Chapter 20 #4

“The rest of our team is already off the ship, and Andrew and I are about to join them.”

“Andrew—you were amazing. I can’t wait to tell your parents.”

“What will you say?”

“That you’ve got the most awesome friends ever.”

We smiled at each other. “You did great,” I told her. “If Brayden could see you, he’d kick himself. Or we could all kick him.”

Under such extraordinary circumstances, we’d both undergone the improbable exuberance of Tuxedo Society antics.

Jenn had mitigated her completely justifiable depression, and even my fainting had been pivotal.

We’d always loved each other, but our affection had blossomed, like the friendships forged during wartime in those streaming series devoted to the Greatest Generation.

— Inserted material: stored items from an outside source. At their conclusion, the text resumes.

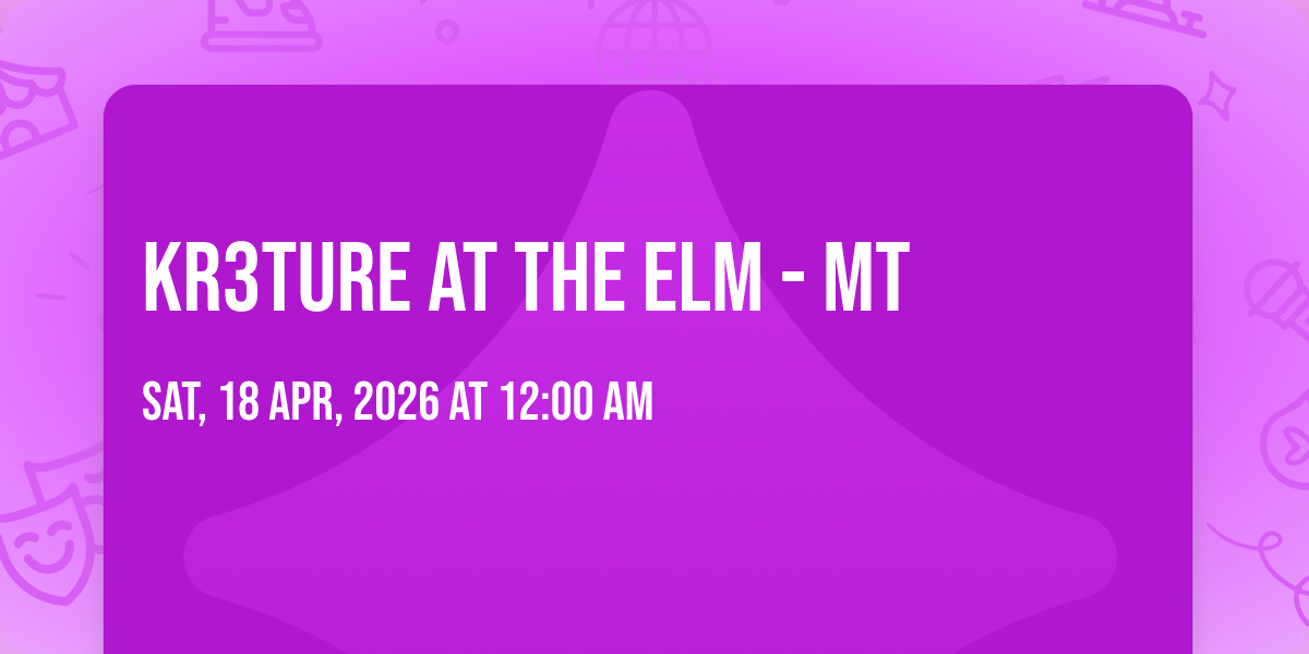 🎉 Welcome to KR3TURE at The Elm - MT, where dreams come alive and possibilities are endless! 🏛️ Join us at The Elm - MT in the heart of Bozeman, MT for an event that defies expectations. 📅 On April 18th, 2026 at 12:00 AM, be part of something truly extraordinary as we bring together innovation, entertainment, and pure magic. ✨ Every aspect has been carefully designed to ensure an unforgettable experience for all our guests. Whether you're seeking adventure, inspiration, or simply a break from the ordinary, this event promises to deliver beyond your wildest dreams. 🎊 Prepare for a journey into the extraordinary!
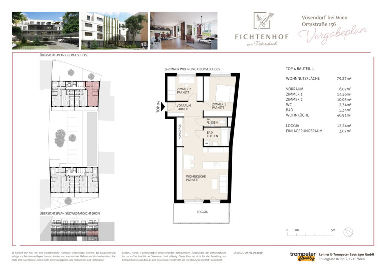AKTION, inkl. Garagenplatz u. Stellplatz, Erstbezug, günstige 3 Zi Wohnung, offener Grundriss, 12m² Loggia, Homeoffice, TOP öffentl. Anbindung, im Zentrum von Vösendorf
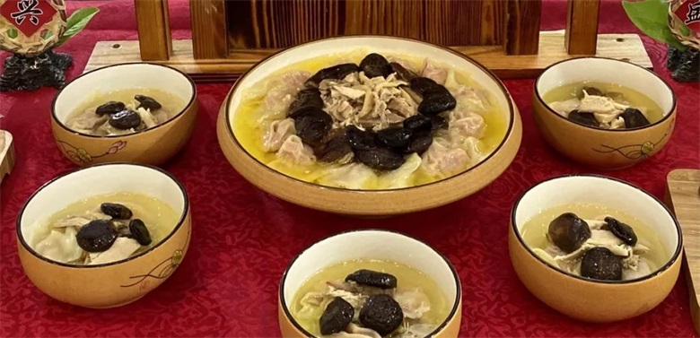 文博会现场,刘鸿盛的师傅们早早的开始准备制作小吃,比如冬菇鸡饺,说是“饺”,实际上是馄饨,过去老合肥都将馄饨称作饺子,鸡饺皮薄馅料鲜美,汤头醇厚。更有历史悠久的小花狮子头,它的花纹重重叠叠就像狮子头发蓬松的样子。吃起来香脆焦酥,略有咸味,是合肥的传统名小吃,除了这些还有味辣鲜香的肉盒饼、外酥馅香的庐阳酥、香软可口的黄团等等......

I’d left my backpack in Jenn’s suite. At portside, it inflated into Edwin’s full-sized raft, which Reggie and I tossed into the waves, along with ourselves.

The other lifeboat was already out of sight, but we’d be close behind.

Reggie had grabbed oars, and we rowed to get distance between us and the Empress Olympia.

Within minutes the oceanliner was a line of barely blinking lights from the darkness, and we were surrounded by only the Atlantic, a clouded moon, and a hemisphere-wide sky.

I couldn’t name the opposite of claustrophobia, but there was a terror at being two tiny people alone on the boundless-seeming sea, as opposed to the monitored, zillion-gallons-of-water studio tank that had housed the lovers clinging to that shard of door in Titanic.

When you’re adrift, a camera crew just out of frame can be reassuring.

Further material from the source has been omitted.